Anne-Marie Seghers
- Full name: Anne-Marie Seghers Simon
- Country (sports): France
- Born: 15 September 1911 Paris, France
- Died: 17 January 2012 (aged 100) Puteaux, France
- Plays: Left-handed

Singles

Grand Slam singles results
- French Open: QF (1949,1954)
- Wimbledon: 3R (1950)

Doubles

Grand Slam doubles results
- Wimbledon: 2R (1949, 1950)

Grand Slam mixed doubles results
- Wimbledon: 1R (1949, 1950)

= Anne-Marie Seghers =

French tennis player

Anne-Marie Lucienne Seghers (15 September 1911 – 17 January 2012) was a French tennis player . She reached the singles final at the 1941 French Championships in which she was defeated by Alice Weiwers in straight sets.
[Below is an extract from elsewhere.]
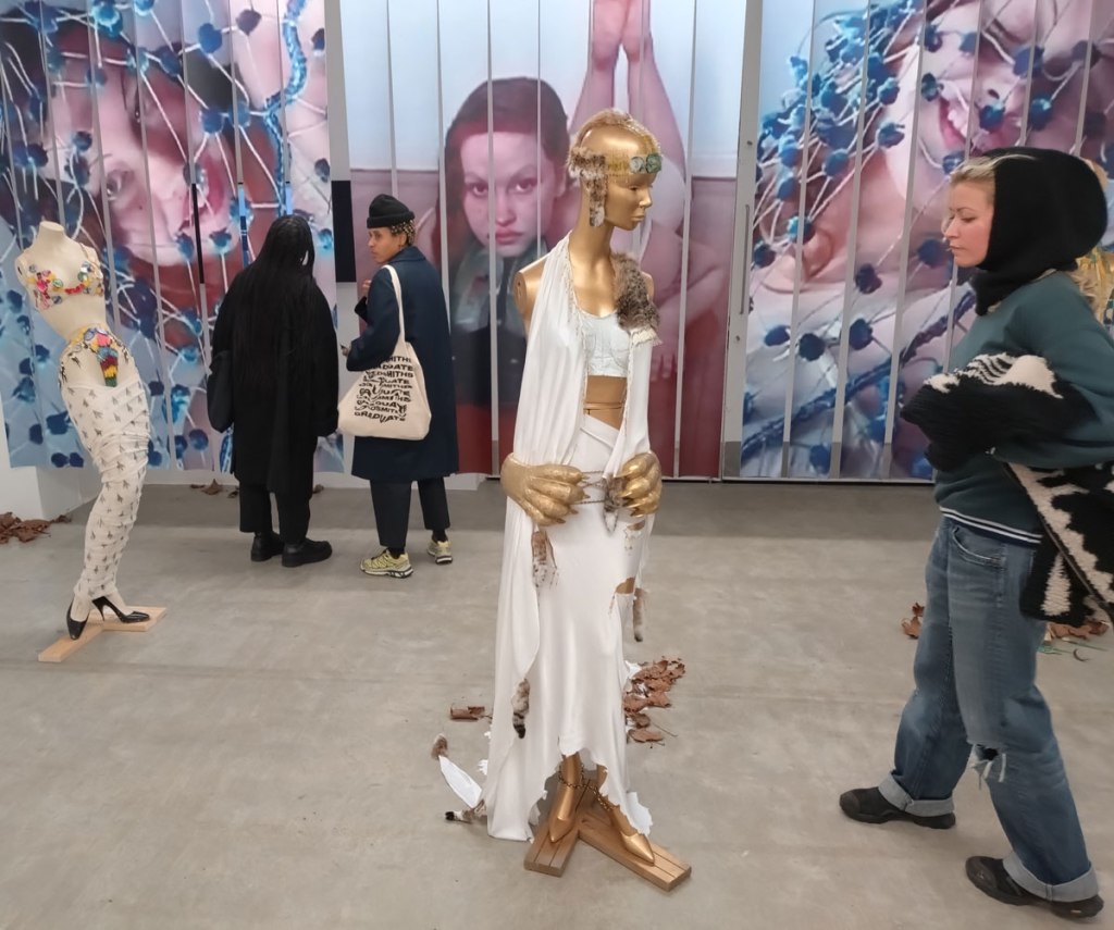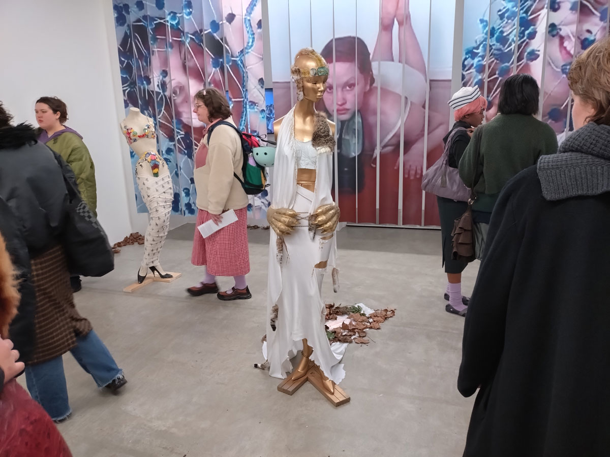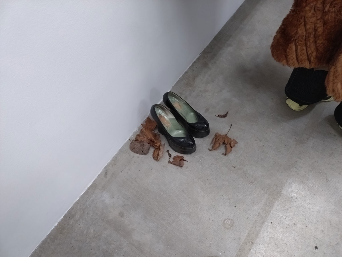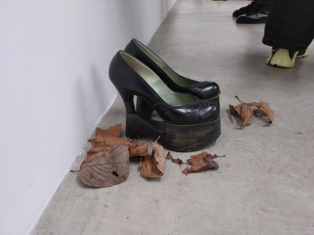 We left Part One, halfway through exploring the gallery known as Soft Opening, we were about to make that very short walk from that rather rewarding Sam Lipp exhibition to the smaller second hardly-ever-used room in the East London space just off the Hackney Road. For Condo 2026, and if you don’t know what Condo 2026 is maybe read Part One of this feature first – Condo 2026 Pt.1 – Exploring East London’s part in Condo, that and Sam Lipp at Soft Opening, Hana Miletić at The Approach alongside New York’s Margot Samel Gallery presenting the work of Leroy Johnson and Olivia Jia… – for Condo 2026 Soft Opening is hosting New York’s Company Gallery and their presentation of Needle Trades, the first solo exhibition in London by Women’s History Museum. The entry is guarded intriguingly or maybe enticingly by a pair of high heel shoes sitting quietly in a small pile of Autumn leaves on the gallery floor. Apparently the slightly strangely named artist duo came together in 2015; two artists, Mattie Barringer and Amanda McGowan, a self declared fashion-art duo who came together out of “the desire to create novel and previously unseen images of beauty”. Not sure if we’re seeing anything previously unseen or indeed that novel, it is rather intriguing though, it does make for an instant sugar hit in terms of the eye candy and the art rush although what’s left once the hit wares off I’m not really sure?

As the final was played during wartime in occupied France it is not recognized as an official French Championship and is known by the name Tournoi de France. She reached the quarterfinals in 1949 and 1954. Seghers competed in the Wimbledon Championships in 1949 and 1950. In the singles event in 1950 she reached the third round in which she lost to Gussie Moran.

In April 1955 she was runner-up to Ginette Bucaille in the singles event at the International Championships of Paris.

Seghers was ranked joint No.1 in France in 1950.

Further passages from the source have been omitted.